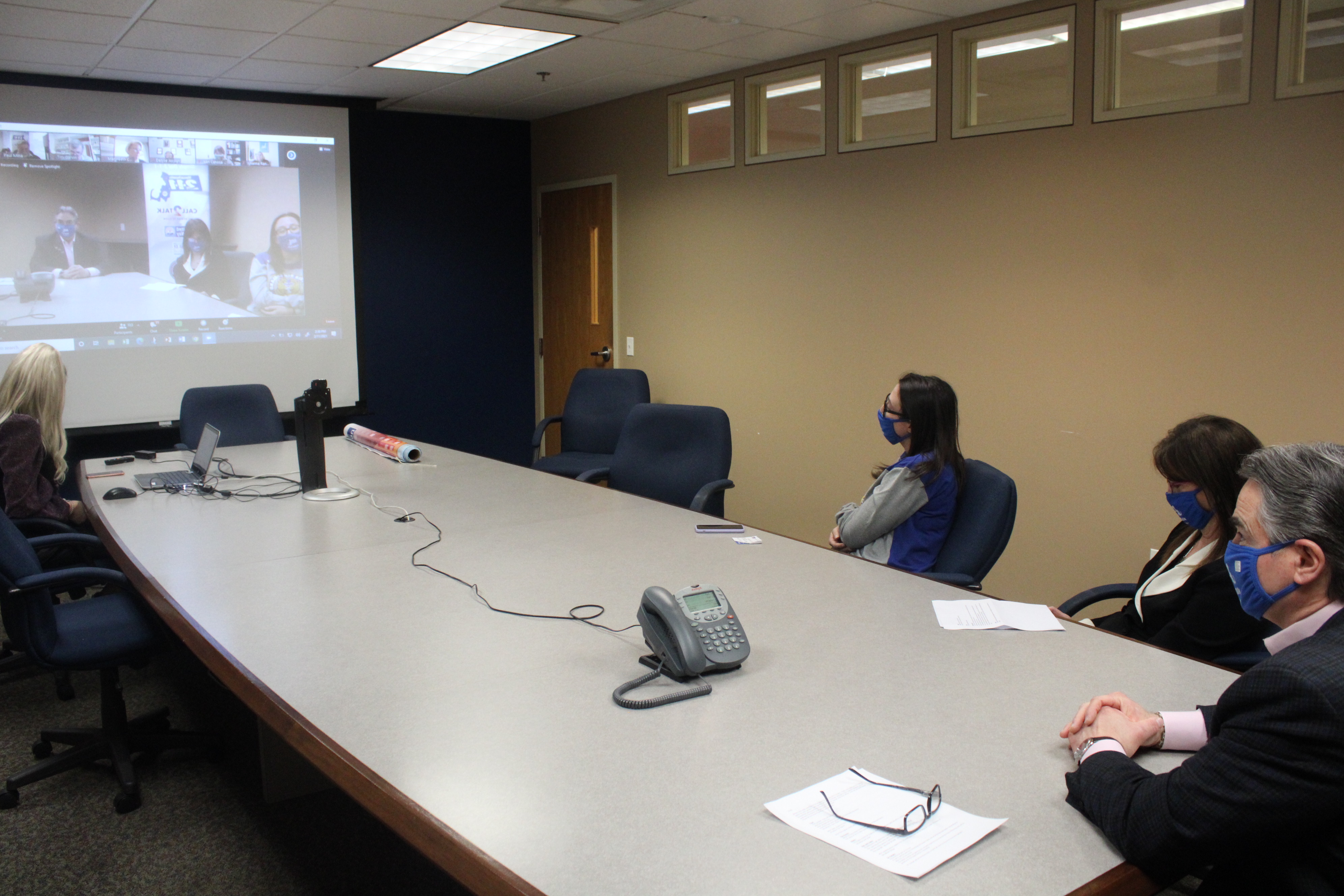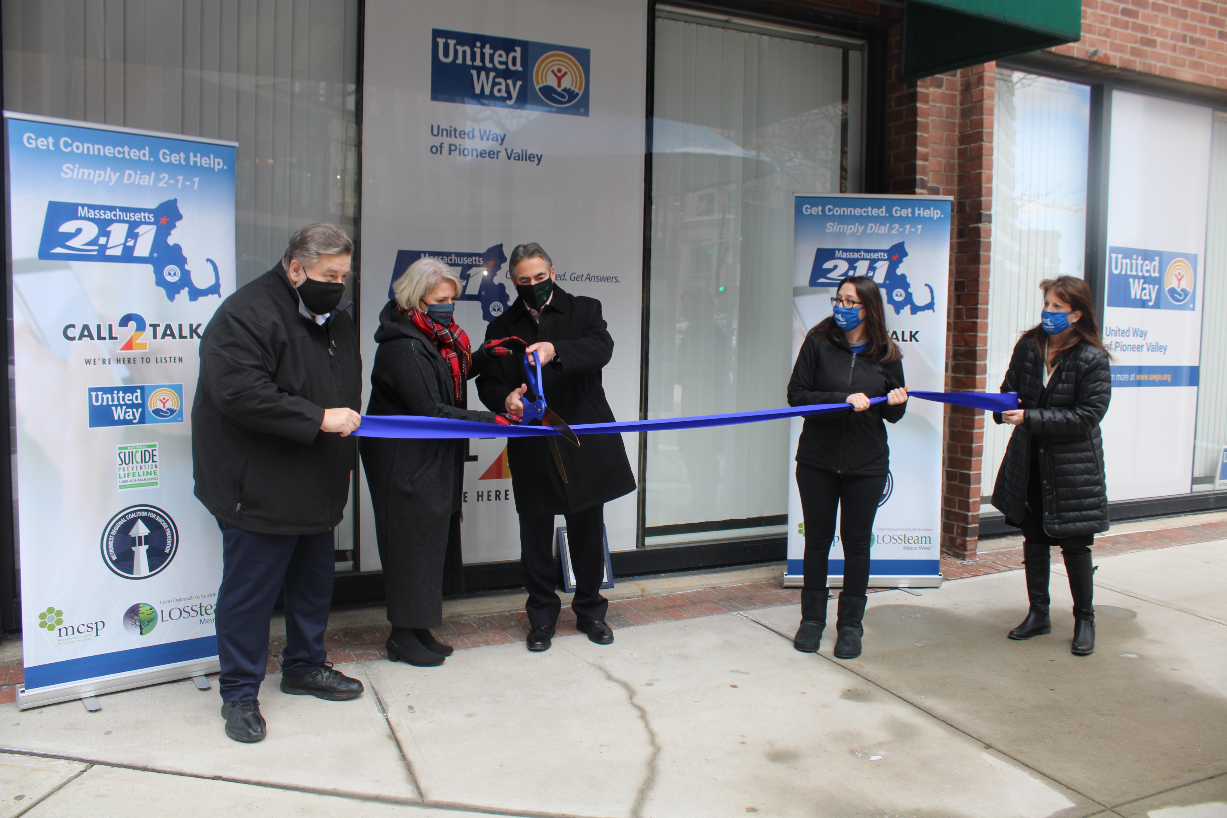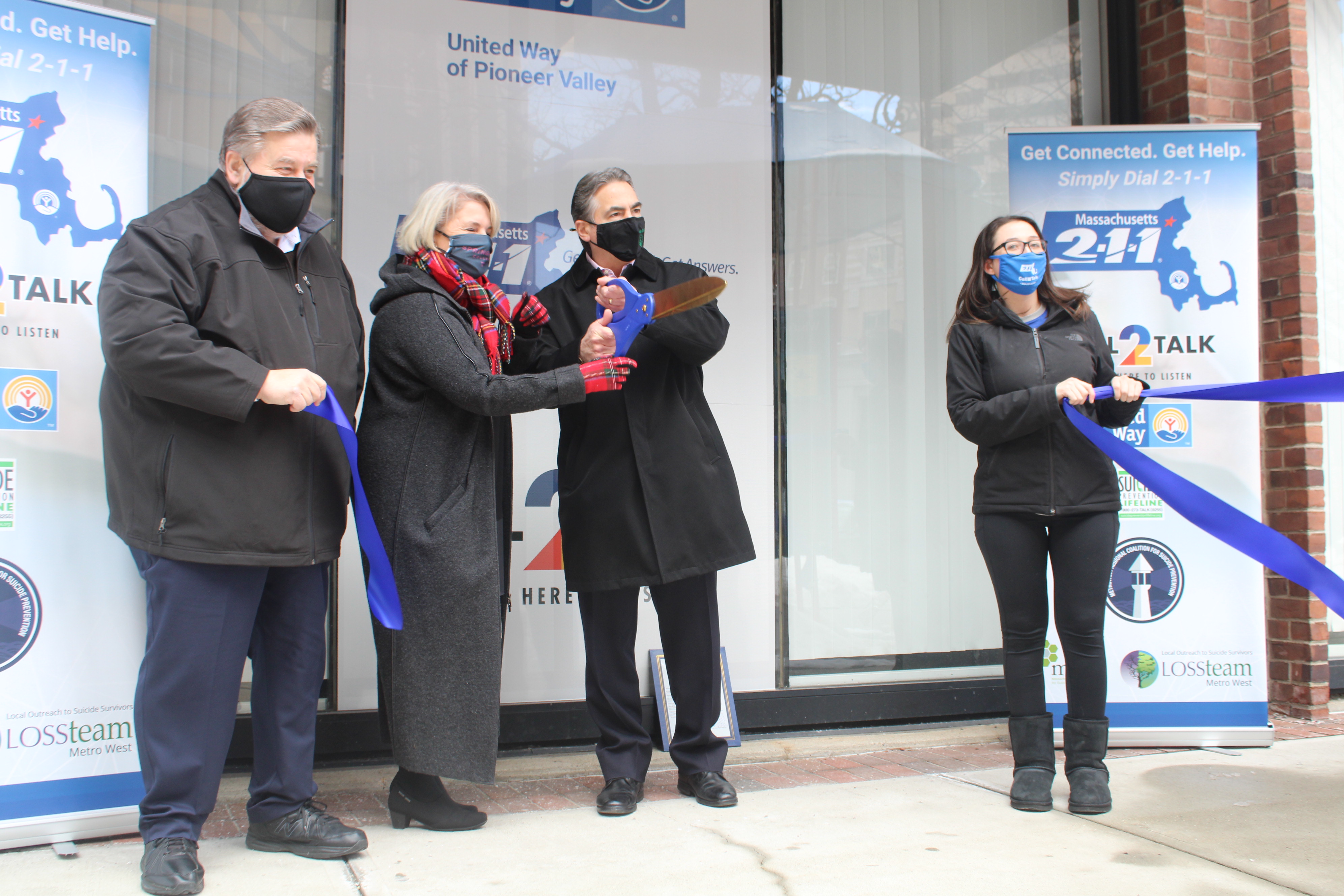 Mayor Domenic J. Sarno joined with United Way of Pioneer Valley President and CEO Paul Mina, Springfield College President Dr. Mary-Beth Cooper, and Mass2-1-1 Vice President Eileen Davis for a ribbon cutting ceremony to celebrate Massachusetts 2-1-1 day and mark the opening of the Mass2-1-1 satellite Call2Talk office here in Springfield.
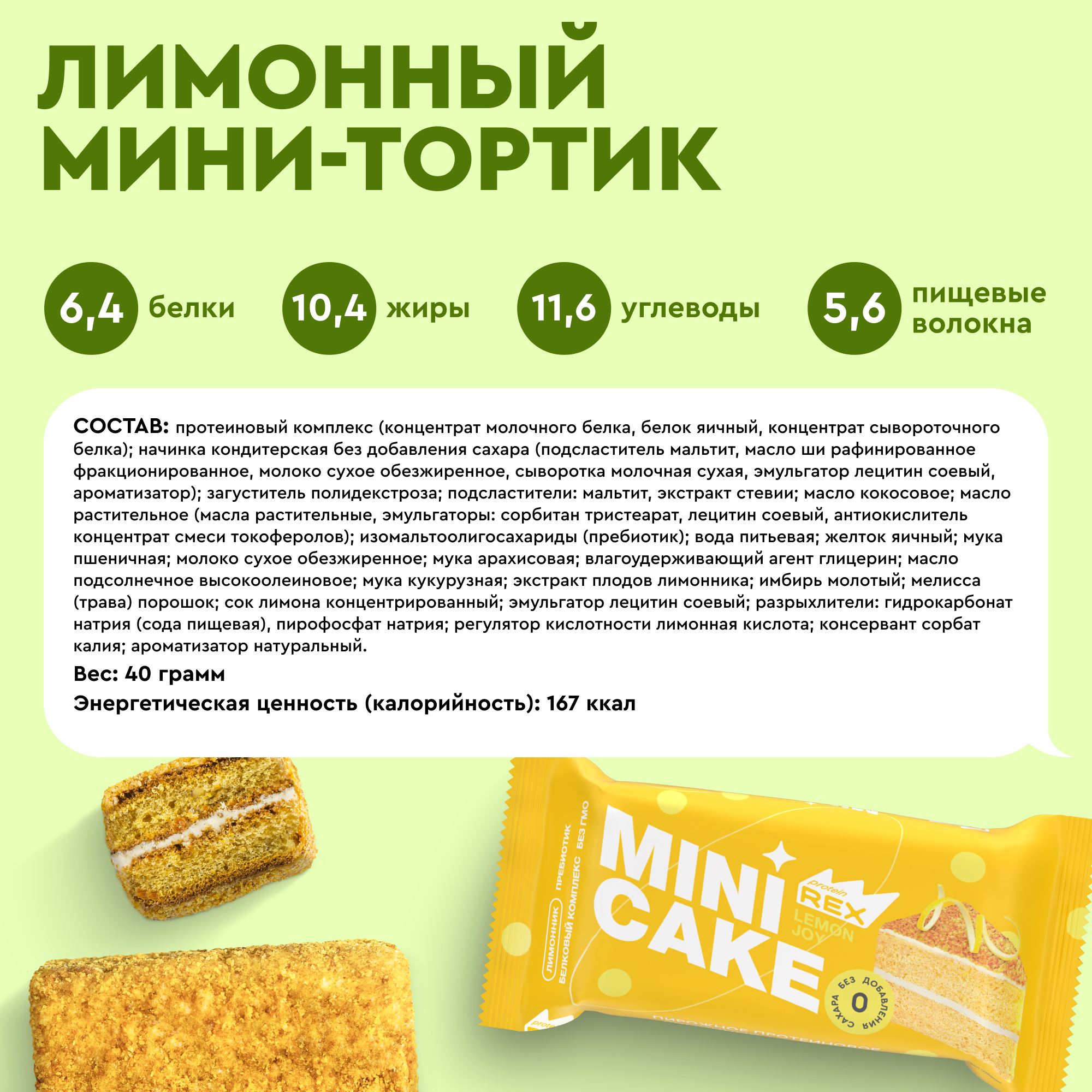 Протеиновое пирожное ProteinRex Тортик Лимонный 8 шт десерт без сахара, низкокалорийное печенье, батончики, ПП сладости 167 ккал
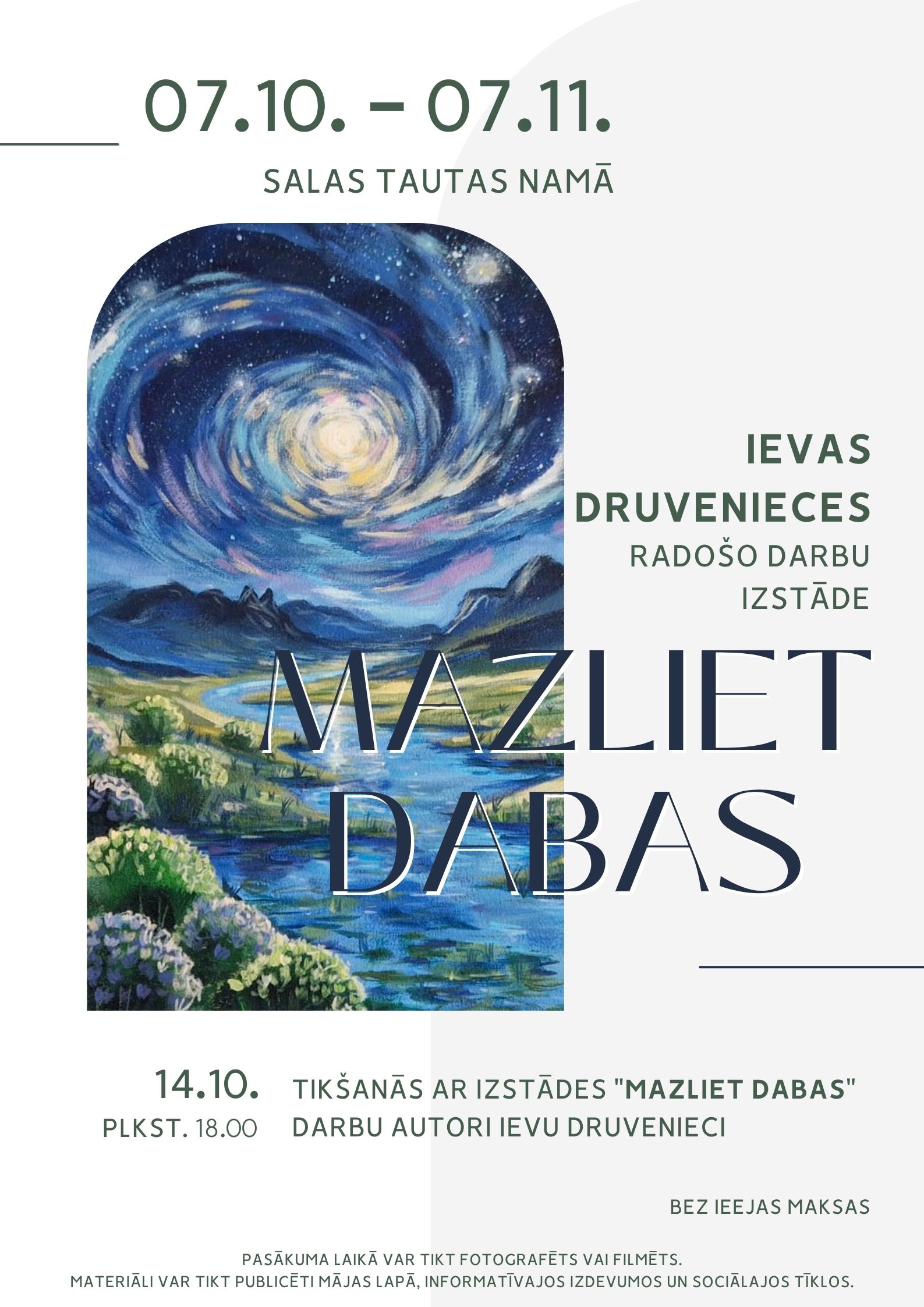 No 7. oktobra līdz 7. novembrim Salas Tautas nama Mazajā zālē skatāma izstāde “Mazliet dabas”, savukārt 14. oktobrī plkst. 18.00 notiks tikšanās ar izstādes radošo darbu autori Ievu Druvenieci.
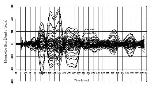 図3は、今度は横軸を時間として64チャンネルを同時に表示したものである。250 ms 以降の長潜時に 6 Hz のシータ・リズムが観測されている。特に、長潜時におけるシータ・リズム の振動の節の部分の媚びれが細いことは、この装置の低周波雑音が小さいことを端的に示している。正中神経刺激など単純な感覚刺激による脳磁界は一般には 250 ms ぐらいまでに終わってしまう。250 ms 以降の長潜時の信号は、第2体性感覚野などに現れ、脳のより高次の機能と関係している。長潜時に観測されるこれらの律動性後発射(rhythmic after-discharge) は、後脱分極(after-depolarization) か、後過分極(ahter-hyperpolarization)による。今後、長潜時の脳の機能を調べて視床・大脳皮質神経回路(thalamo-cortical network)についての研究が進むと予想される。
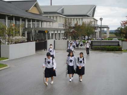 今日の天気は曇りです。夜降っていた雨が上がり、生徒は傘を差さずに登校できました。
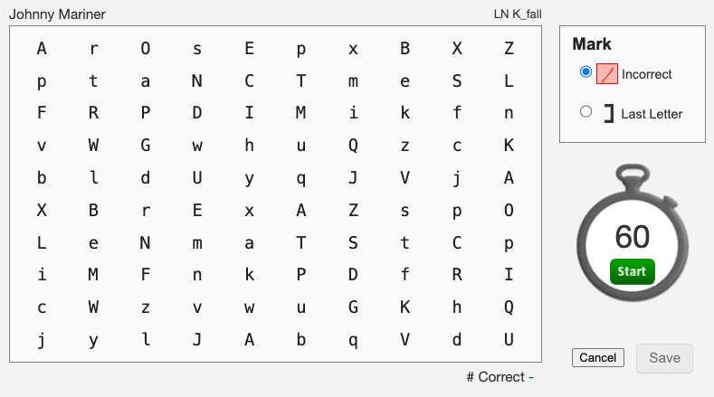 A built-in timer is provided for ease of use. We recommend a device with touch screen technology for live scoring, so that students are not aware when an error is being marked (audible 'clicks' to mark errors introduce potential measurement error and should be avoided).

__WORK INSTRUCTION__: Give the listing again exactly, excluding pictures.

__WRITTEN REPLY__:
 Mayor Domenic J. Sarno joined with United Way of Pioneer Valley President and CEO Paul Mina, Springfield College President Dr. Mary-Beth Cooper, and Mass2-1-1 Vice President Eileen Davis for a ribbon cutting ceremony to celebrate Massachusetts 2-1-1 day and mark the opening of the Mass2-1-1 satellite Call2Talk office here in Springfield.
 Протеиновое пирожное ProteinRex Тортик Лимонный 8 шт десерт без сахара, низкокалорийное печенье, батончики, ПП сладости 167 ккал
 No 7. oktobra līdz 7. novembrim Salas Tautas nama Mazajā zālē skatāma izstāde “Mazliet dabas”, savukārt 14. oktobrī plkst. 18.00 notiks tikšanās ar izstādes radošo darbu autori Ievu Druvenieci.
 図3は、今度は横軸を時間として64チャンネルを同時に表示したものである。250 ms 以降の長潜時に 6 Hz のシータ・リズムが観測されている。特に、長潜時におけるシータ・リズム の振動の節の部分の媚びれが細いことは、この装置の低周波雑音が小さいことを端的に示している。正中神経刺激など単純な感覚刺激による脳磁界は一般には 250 ms ぐらいまでに終わってしまう。250 ms 以降の長潜時の信号は、第2体性感覚野などに現れ、脳のより高次の機能と関係している。長潜時に観測されるこれらの律動性後発射(rhythmic after-discharge) は、後脱分極(after-depolarization) か、後過分極(ahter-hyperpolarization)による。今後、長潜時の脳の機能を調べて視床・大脳皮質神経回路(thalamo-cortical network)についての研究が進むと予想される。
 今日の天気は曇りです。夜降っていた雨が上がり、生徒は傘を差さずに登校できました。
 A built-in timer is provided for ease of use. We recommend a device with touch screen technology for live scoring, so that students are not aware when an error is being marked (audible 'clicks' to mark errors introduce potential measurement error and should be avoided).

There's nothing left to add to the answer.